In a recently published essay, Saylor argued that Bitcoin's core blockchain layer should be safeguarded as “sacred infrastructure,” with innovation mainly occurring in higher layers such as applications, custody systems, credit instruments, and financial services. He framed Bitcoin's evolution as a junction between two institutional pathways: one driven by passive spot ETF participation, which facilitates widespread access but is vulnerable to redemptions, and the other based on deeper corporate and credit-market integration, favored by Strategy’s approach.
Saylor advocates embedding Bitcoin more firmly within the financial system’s core operations rather than relying solely on spot ETF inflows or individual buyers. He highlighted that Bitcoin’s next phase must balance broader adoption, technological innovation, and self-custody while maintaining the integrity of the network’s foundational properties. This perspective arrives amid a sharp Bitcoin market downturn putting pressure on both primary institutional channels.
Spot Bitcoin ETFs recorded multiple consecutive weeks of net outflows reaching around $1 billion weekly, signaling a significant reversal from prior inflows. Concurrently, Strategy sold 32 Bitcoins recently to fund dividends on preferred stock, marking its first sale since 2022 and challenging the longstanding “never sell” stance associated with Saylor’s Bitcoin strategy.
The current market turmoil has revived debate over whether Bitcoin's price correction represents a temporary reset following excessive leverage or a sign of weakening institutional demand after months of ETF-led accumulation. Some analysts, like Lacie Zhang from Bitget Wallet, suggest Bitcoin might be closer to stabilizing than equity markets. Zhang points to overdue market adjustments including sharp liquidations, negative funding rates, and reduced open interest, while noting the potential for Bitcoin prices to retest levels between $55,000 and $57,000 if outflows continue.

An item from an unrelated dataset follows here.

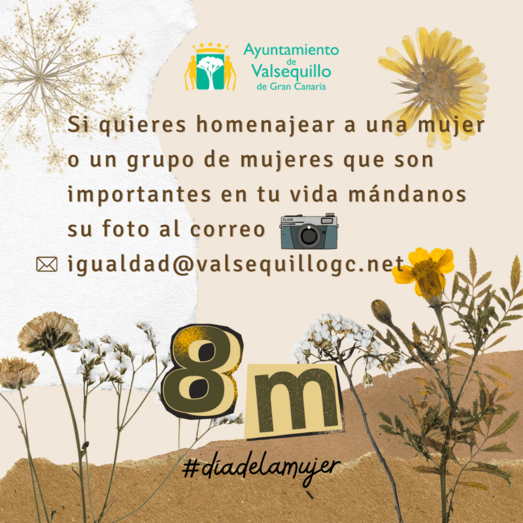 Por ello, se deben enviar las fotografías de mujeres (individual, acompañada, en familia o en grupo), siempre con el consentimiento previo de las protagonistas, a las que se quieran homenajear. Unas imágenes que ya pueden remitir al correo igualdad@valsequillogc.net con el nombre, apellido y la dedicatoria a esa o esas mujeres especiales.
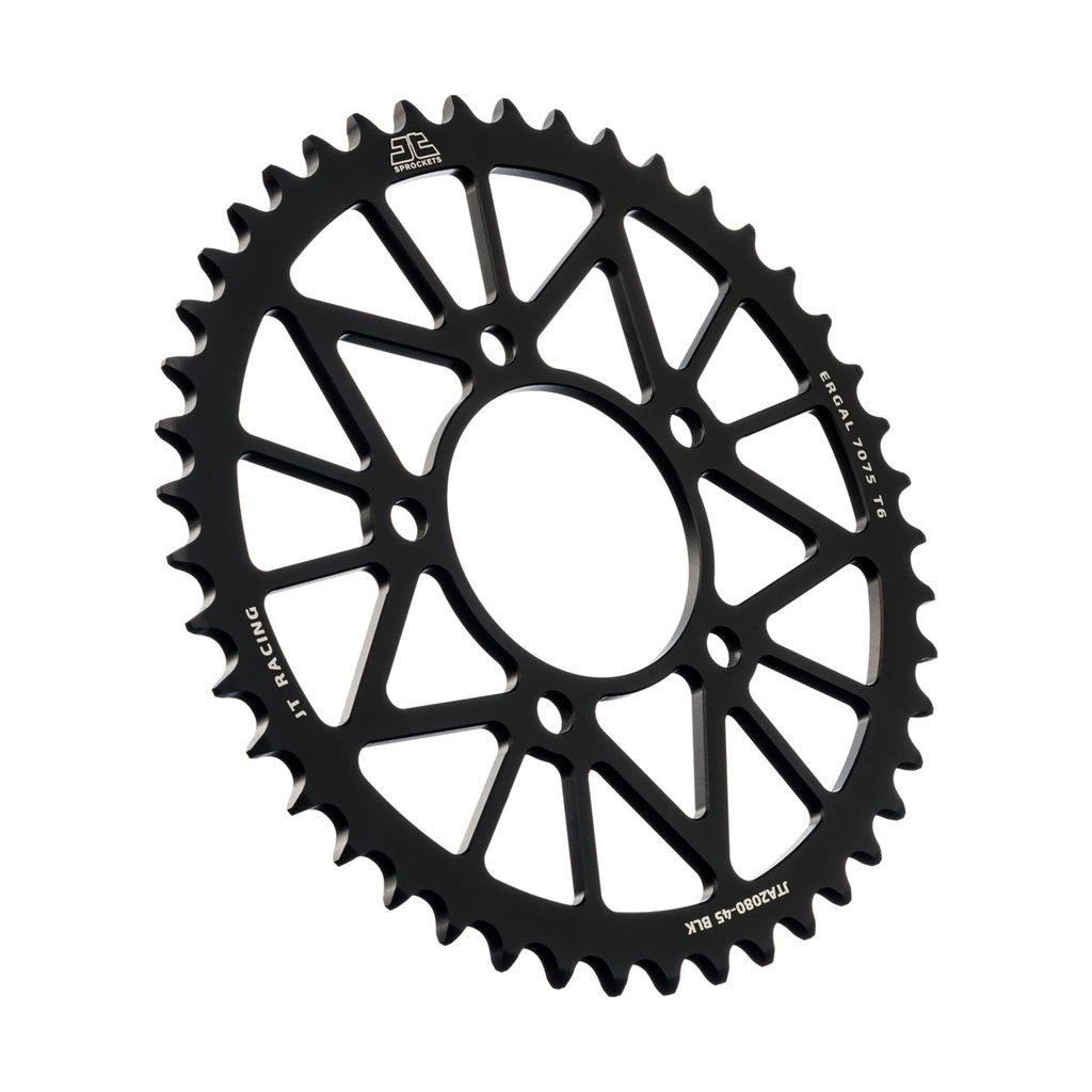 JT používá výhradně ty nejkvalitnější materiály. Pro závodní lehké rozety je to hliníková slitina letecké kvality 7075-T6, pro přední pastorky extrémně pevná slitina SCM420 (chrom-molybdenová ocel) a pro zadní ocelové rozety jako jediný výrobce používá ultra odolnou uhlíkovou ocel C49.

Conversely, Nicolai Sondergaard of Nansen offers a guarded outlook, indicating that recent Bitcoin rallies may have encouraged market participants to reduce, not increase, their holdings. According to Sondergaard, the previously strong ETF-driven demand has been unwinding since May, emphasizing that durable price recovery requires visible renewed interest from institutional players beyond short-term market relief.